Raw Material – Transaction data from enterprise applications and event data from other systems

Sourcing – Determining where to get the data, when, and at what point in the lifecycle of the data at it’s source.   Do you want “raw” event data from the source, a transaction log that sequences and formats the data, or will you rely on an application or service provider who manipulates the data before you get it?

Connection  – The method and timing for acquiring the data.  Will you rely on file transfers or web application programming interfaces?
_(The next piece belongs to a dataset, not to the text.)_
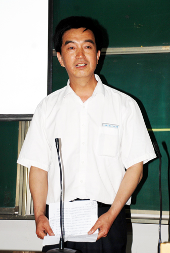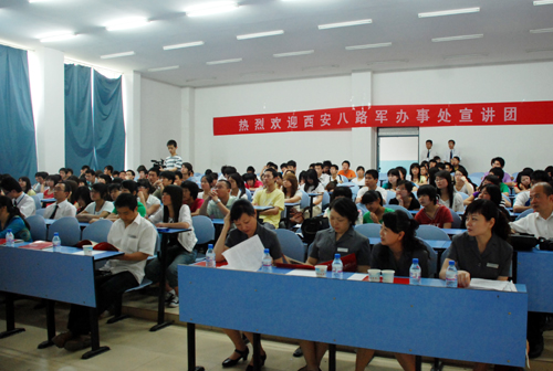 为了深入贯彻落实科学发展观,加强爱国主义教育,弘扬红色文化,培育民族精神。5月8日下午,我校特邀西安八路军办事处纪念馆(以下简称八办纪念馆)宣讲团一行10人来到长安校区为学生作主题为“理想·信念”的报告。院办副主任秦泉安,文法学校副院长车宝仁,团委副书记赵君慧,团委宣传部部长王翠等老师与各院系300名师生代表共同聆听了报告会。文法学校副院长车宝仁教授主持报告会。

Is the data needed “real time”, or on a periodic basis?  What is the extraction method from the data source?

Quality/Provenance – When and how to determine the quality of the data and how to retain source information about the data so that subsequent analysts will have some measure of it’s reliability

Collection – Where to put the data.   This tends to be where most of our thinking seems to go – what database will we use?   This is where there can be a real divergence between what we’ve traditionally used as an operational data store for event data and the data warehouse for transaction data.

Combination – The information that is common between data that will be used to join them.  Determining or deriving keys to make this possible can be really hard for event data that doesn’t come from traditional enterprise applications.  Event data, for example, may not contain explicit identifiers like <customer number> that can be used to join the data to your CRM or Marketing databases.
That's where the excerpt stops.